───── Data section

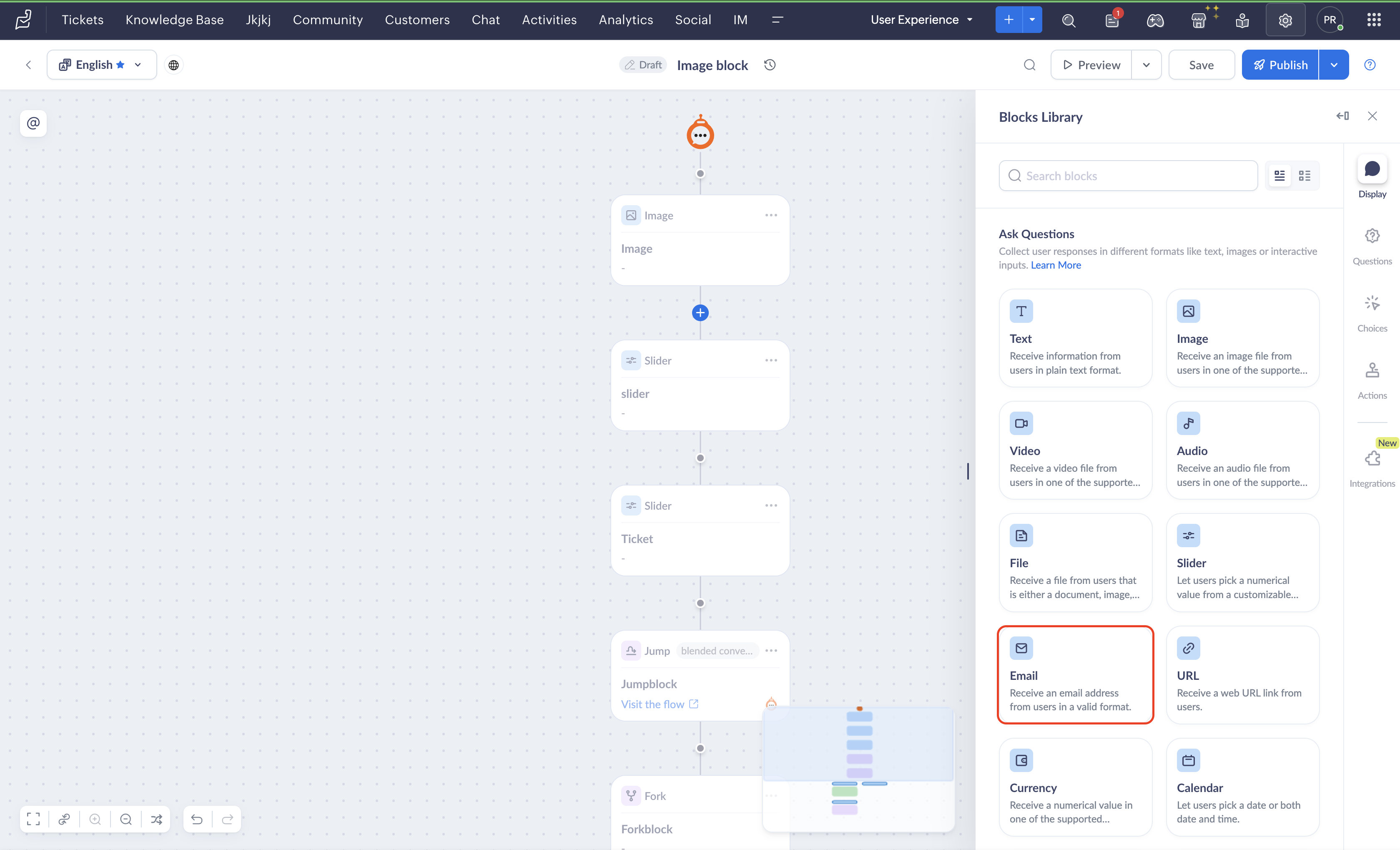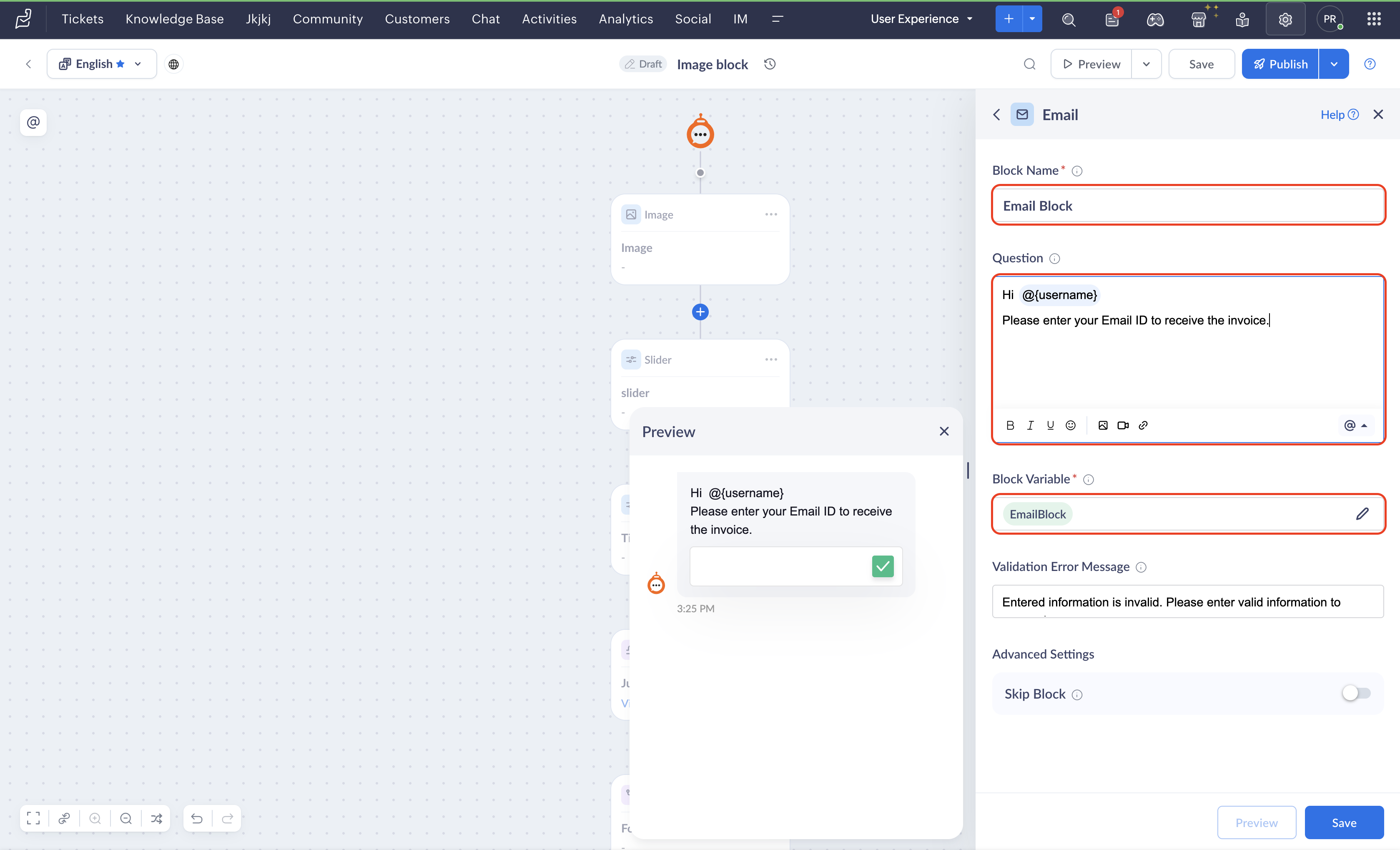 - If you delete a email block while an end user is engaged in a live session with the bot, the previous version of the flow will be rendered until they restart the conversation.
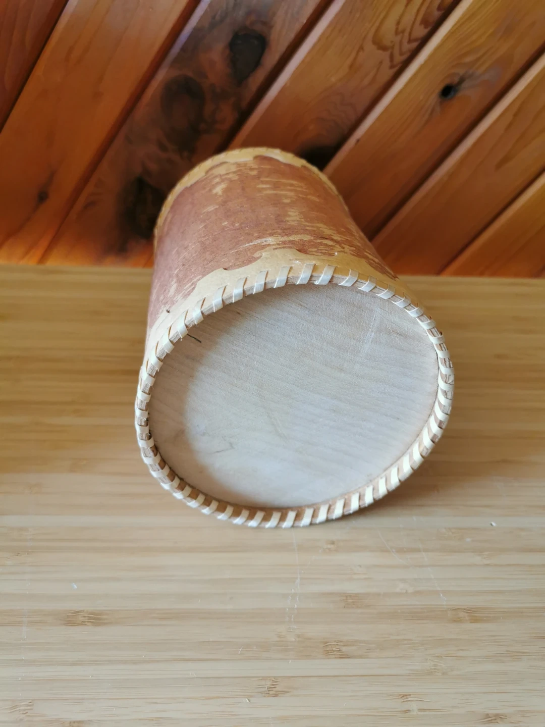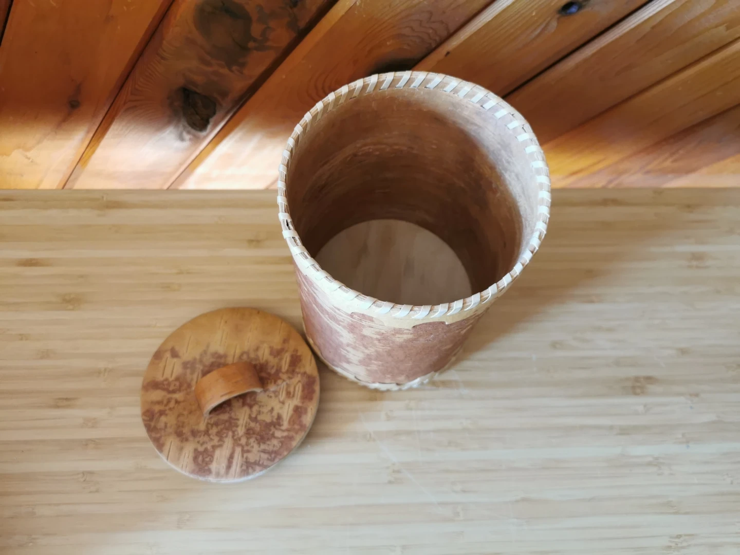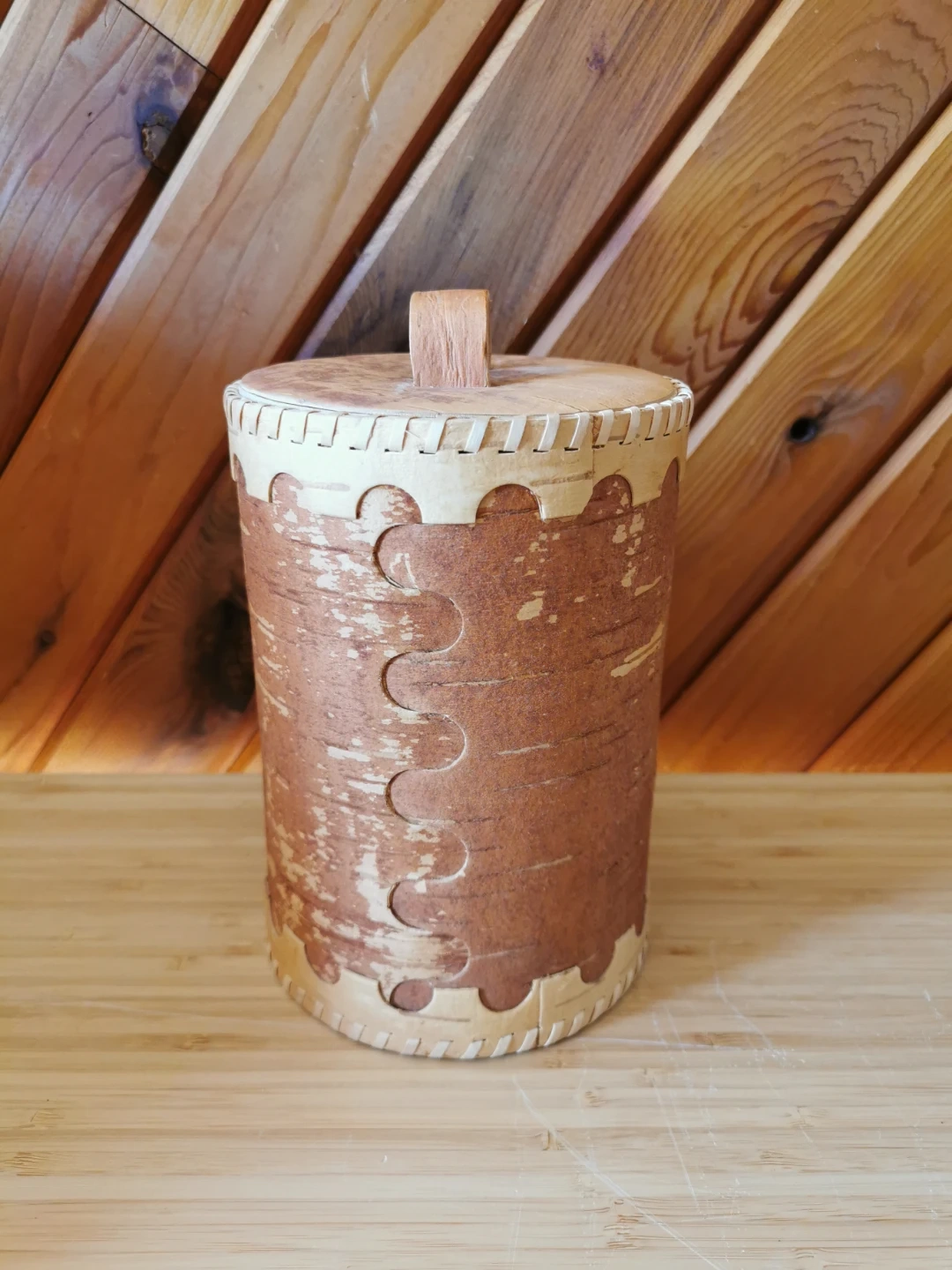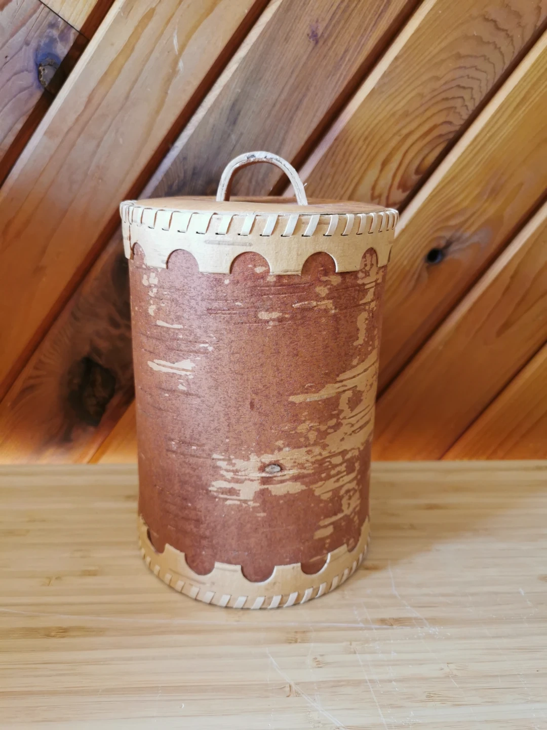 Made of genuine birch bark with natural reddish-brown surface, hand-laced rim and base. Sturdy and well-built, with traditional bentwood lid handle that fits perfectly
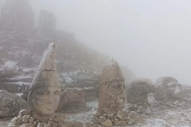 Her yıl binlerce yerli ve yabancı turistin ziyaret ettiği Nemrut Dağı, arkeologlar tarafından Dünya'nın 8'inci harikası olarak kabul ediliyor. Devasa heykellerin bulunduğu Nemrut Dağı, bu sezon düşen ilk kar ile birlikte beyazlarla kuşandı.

──────────

Task brief -> Output the full listing verbatim; pictures stay out.

Response to the exercise ->
 - If you delete a email block while an end user is engaged in a live session with the bot, the previous version of the flow will be rendered until they restart the conversation.
 Made of genuine birch bark with natural reddish-brown surface, hand-laced rim and base. Sturdy and well-built, with traditional bentwood lid handle that fits perfectly
 Her yıl binlerce yerli ve yabancı turistin ziyaret ettiği Nemrut Dağı, arkeologlar tarafından Dünya'nın 8'inci harikası olarak kabul ediliyor. Devasa heykellerin bulunduğu Nemrut Dağı, bu sezon düşen ilk kar ile birlikte beyazlarla kuşandı.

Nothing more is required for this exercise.